Question

question 3
1 pts
consider the combustion of ethane reaction below for the next two questions.
$2c_2h_6(g) + 7o_2(g) \longrightarrow 4co_2 (g) + 6h_2o (g)$
reaction is at standard temperature and pressure and all reagents are in the gas phase.
if we react 14 moles of oxygen with 5 moles of ethane, how many moles of carbon dioxide would we make?
12
4
16
8
question 4
1 pts
if we react 30 grams of ethane ($c_2h_6$) with 320 grams of oxygen, how many grams of carbon dioxide would we make?
$2c_2h_6(g) + 7o_2(g) \longrightarrow 4co_2 (g) + 6h_2o (g)$
88 grams
1 grams
44 grams
2 grams

Explanation:

Question 3

Step1: Determine limiting reactant

From the reaction \(2C_2H_6 + 7O_2
ightarrow 4CO_2 + 6H_2O\), the mole ratio of \(C_2H_6\) to \(O_2\) is \(2:7\).
For 5 moles of \(C_2H_6\), moles of \(O_2\) required: \(\frac{7}{2} \times 5 = 17.5\) mol.
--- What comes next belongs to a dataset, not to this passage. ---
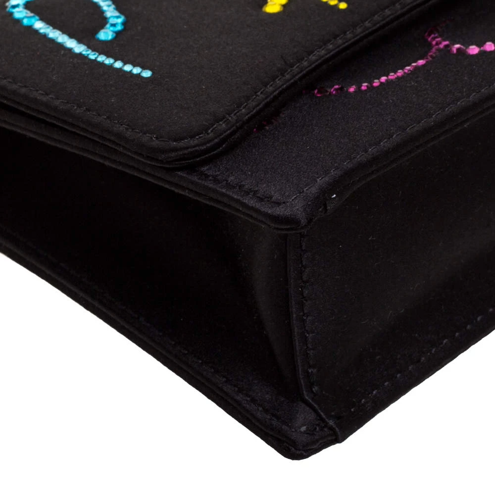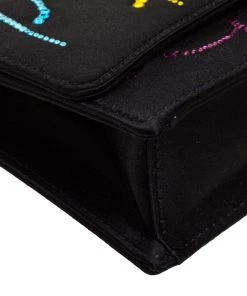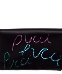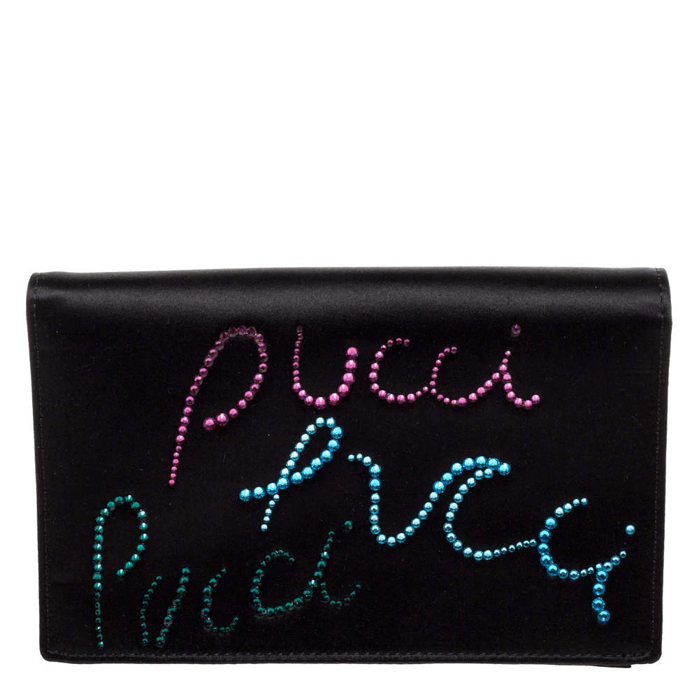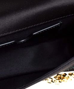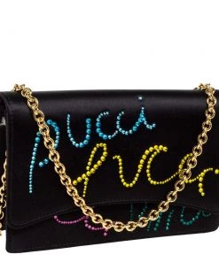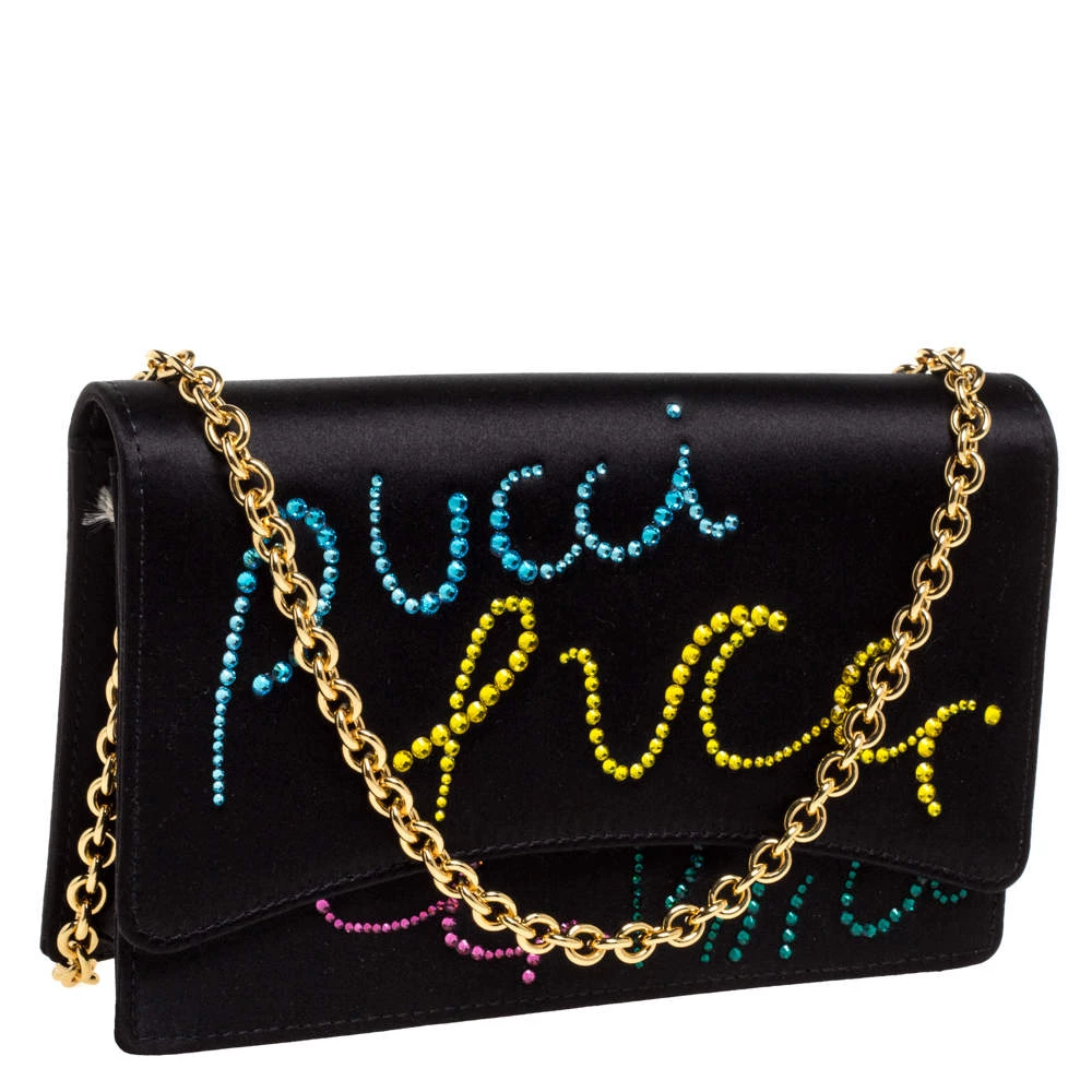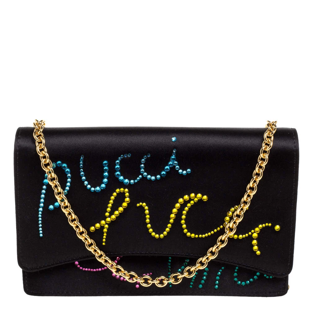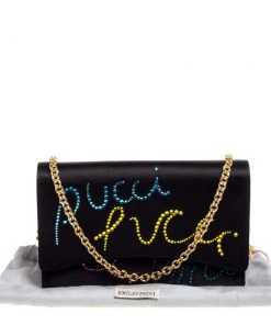 This luxurious and stylish Box bag from Emilio Pucci is a treat to our eyes! The extravagant brand offers you a bag that has been crafted in Italy and is made from black satin. It is decorated with crystal embellishments. A front flap secures the insides of the bag. The luxurious piece is complete with a shoulder strap, and gold-tone hardware.

But we have 14 mol \(O_2\) (less than 17.5), so \(O_2\) is limiting.

Step2: Calculate \(CO_2\) from \(O_2\)

Mole ratio of \(O_2\) to \(CO_2\) is \(7:4\).
Moles of \(CO_2\) = \(\frac{4}{7} \times 14 = 8\) mol? Wait, no—wait, 14 mol \(O_2\): \(\frac{4}{7} \times 14 = 8\)? Wait, no, wait the options have 8? Wait, no, let's recheck. Wait, 2 moles \(C_2H_6\) react with 7 moles \(O_2\) to make 4 moles \(CO_2\). So for 14 moles \(O_2\): \(\frac{4}{7} \times 14 = 8\)? Wait, but the options have 8? Wait, no, maybe I messed up. Wait, 7 moles \(O_2\) produce 4 moles \(CO_2\), so 14 moles \(O_2\) (which is 2 times 7) would produce \(4 \times 2 = 8\)? Wait, but the options include 8. Wait, but let's check the \(C_2H_6\) side. 5 moles \(C_2H_6\) would need \(7/2 \times 5 = 17.5\) moles \(O_2\), but we have 14, so \(O_2\) is limiting. So \(CO_2\) from \(O_2\): \(14 \times (4/7) = 8\). Wait, but the options have 8? Wait, the options are 12,4,16,8. So 8? Wait, maybe I made a mistake. Wait, no, 7 moles \(O_2\) give 4 moles \(CO_2\), so 14 moles \(O_2\) (72) give 42=8 moles \(CO_2\). Yes.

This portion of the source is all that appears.